**Work to complete**
With the pictures removed, please write out every line below exactly as given.

**Data below**
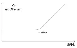 Typische Werte der Transferimpedanz für Geflechtschirme beginnen für Gleichstrom bei 10 mΩ/m bis 20 mΩ/m. Bei tiefen Frequenzen bis ca. 100 kHz entspricht der Wert der Transferimpedanz etwa dem Gleichstromwiderstand des Schirms. Dieser Wert bleibt bis ungefähr 1 MHz konstant, da bis zu dieser Frequenz die galvanische Kopplung die Einkopplung der Störspannung dominiert.
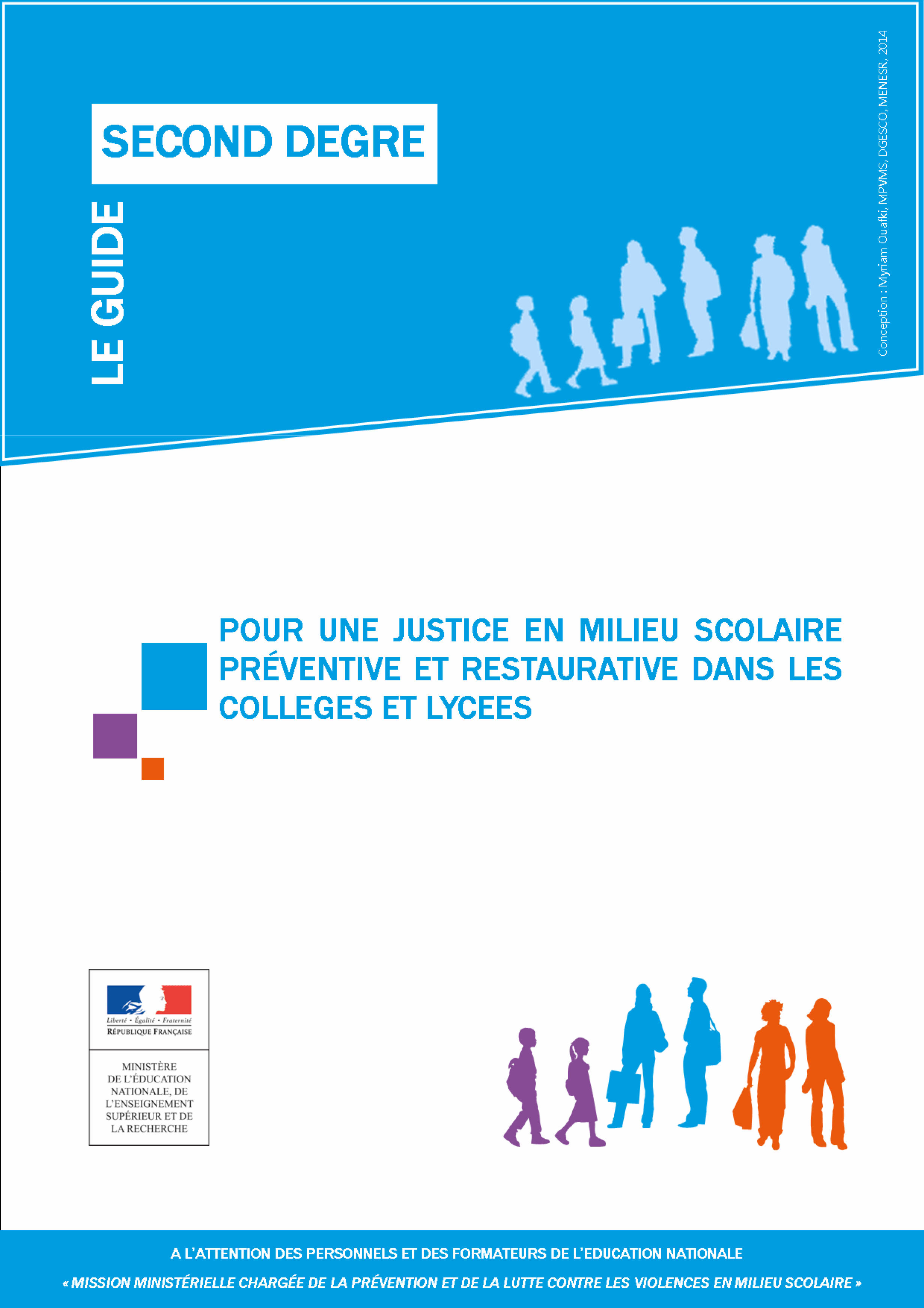 Ce guide, à l’usage du personnel scolaire des collèges et des lycées et de leurs formateurs, s’appuie sur un certain nombre de prescriptions règlementaires, de réflexions issues de l’expérience de terrain des personnels de l’Education nationale dans les établissements, des parents d’élève et des partenaires, ainsi que sur les apports de la recherche en sciences de l’éducation. L’objectif visé est celui de développer une approche plurielle de la justice en milieu scolaire, en abordant des pistes de réflexion et d’action participant à la co-construction et la refondation . Guide pour une justice scolaire préventive et restaurative dans les établissements scolaires du second degré 4 d’une école juste, bientraitante, garante du respect des droits de chacun, propice au développement de l’enfant et du jeune ainsi qu’au bien-être de tous (élèves, personnels, parents). Il constitue un support permettant la mise en place et le maintien d’ « un cadre protecteur » pour tous les membres de la communauté scolaire : les enseignants et l’ensemble du personnel, les élèves, les parents d’élèves et les partenaires. Il s’agit d’offrir aux élèves les conditions pour développer les compétences sociales et civiques et l’acquisition d’un comportement juste, respectueux et responsable. La vie en milieu scolaire doit être l’occasion d’un apprentissage relatif à la vie en société de manière plus globale. La scolarité est un parcours d’apprentissage et d’expérimentation où nteragir de manière respectueuse et bienveillante envers les autres sans heurt ni violence est un apprentissage. C’est en aidant les élèves, en les encourageant, en les accompagnant par une approche bienveillante de la prévention et de la restauration des règles du vivre ensembleque cette noble mission de l’Education nationale peut s’ancrer sur le long terme, favoriser un bon climat scolaire et une société plus juste.
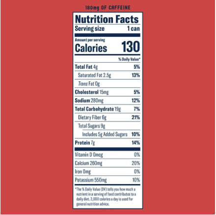 Reduced Fat Milk, Coffee (Water Coffee), Crane Sugar, Contains Less than 1% of Acacia, Gellan Gum, Lactase, Natural Flavor, Nitrous Oxide, Vitamin D3.

**Answer to this exercise**
 Typische Werte der Transferimpedanz für Geflechtschirme beginnen für Gleichstrom bei 10 mΩ/m bis 20 mΩ/m. Bei tiefen Frequenzen bis ca. 100 kHz entspricht der Wert der Transferimpedanz etwa dem Gleichstromwiderstand des Schirms. Dieser Wert bleibt bis ungefähr 1 MHz konstant, da bis zu dieser Frequenz die galvanische Kopplung die Einkopplung der Störspannung dominiert.
 Ce guide, à l’usage du personnel scolaire des collèges et des lycées et de leurs formateurs, s’appuie sur un certain nombre de prescriptions règlementaires, de réflexions issues de l’expérience de terrain des personnels de l’Education nationale dans les établissements, des parents d’élève et des partenaires, ainsi que sur les apports de la recherche en sciences de l’éducation. L’objectif visé est celui de développer une approche plurielle de la justice en milieu scolaire, en abordant des pistes de réflexion et d’action participant à la co-construction et la refondation . Guide pour une justice scolaire préventive et restaurative dans les établissements scolaires du second degré 4 d’une école juste, bientraitante, garante du respect des droits de chacun, propice au développement de l’enfant et du jeune ainsi qu’au bien-être de tous (élèves, personnels, parents). Il constitue un support permettant la mise en place et le maintien d’ « un cadre protecteur » pour tous les membres de la communauté scolaire : les enseignants et l’ensemble du personnel, les élèves, les parents d’élèves et les partenaires. Il s’agit d’offrir aux élèves les conditions pour développer les compétences sociales et civiques et l’acquisition d’un comportement juste, respectueux et responsable. La vie en milieu scolaire doit être l’occasion d’un apprentissage relatif à la vie en société de manière plus globale. La scolarité est un parcours d’apprentissage et d’expérimentation où nteragir de manière respectueuse et bienveillante envers les autres sans heurt ni violence est un apprentissage. C’est en aidant les élèves, en les encourageant, en les accompagnant par une approche bienveillante de la prévention et de la restauration des règles du vivre ensembleque cette noble mission de l’Education nationale peut s’ancrer sur le long terme, favoriser un bon climat scolaire et une société plus juste.
 Reduced Fat Milk, Coffee (Water Coffee), Crane Sugar, Contains Less than 1% of Acacia, Gellan Gum, Lactase, Natural Flavor, Nitrous Oxide, Vitamin D3.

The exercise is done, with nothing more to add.